*** Block opens ***

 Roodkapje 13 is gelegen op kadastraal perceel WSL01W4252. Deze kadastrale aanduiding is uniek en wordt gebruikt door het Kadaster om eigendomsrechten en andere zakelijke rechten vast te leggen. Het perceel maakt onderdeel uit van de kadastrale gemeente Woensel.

*** Block closes ***
*** Block opens ***

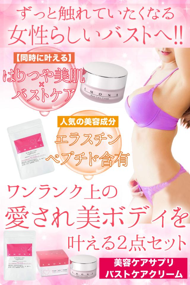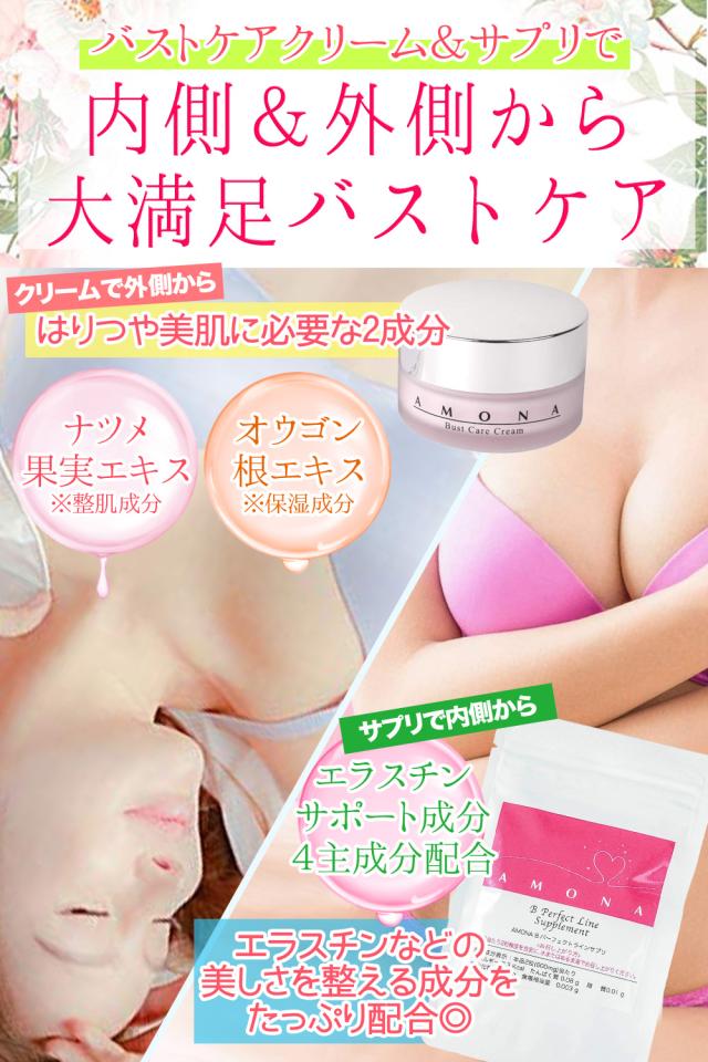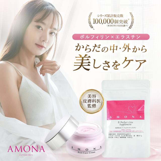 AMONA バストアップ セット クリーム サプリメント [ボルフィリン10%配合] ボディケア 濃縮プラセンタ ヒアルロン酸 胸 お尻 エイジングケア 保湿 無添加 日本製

*** Block closes ***
*** Block opens ***

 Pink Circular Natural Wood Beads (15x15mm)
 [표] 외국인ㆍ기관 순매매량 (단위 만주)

*** Block closes ***

■ **Task description**: In the listing above, locate the line containing "Pink Circular Natural Wood Beads (15x15mm)" and the line containing "[표] 외국인ㆍ기관 순매매량 (단위 만주)". Extract those two lines and every line between them, exactly as written, and only those.

■ **Result**:
 Pink Circular Natural Wood Beads (15x15mm)
 [표] 외국인ㆍ기관 순매매량 (단위 만주)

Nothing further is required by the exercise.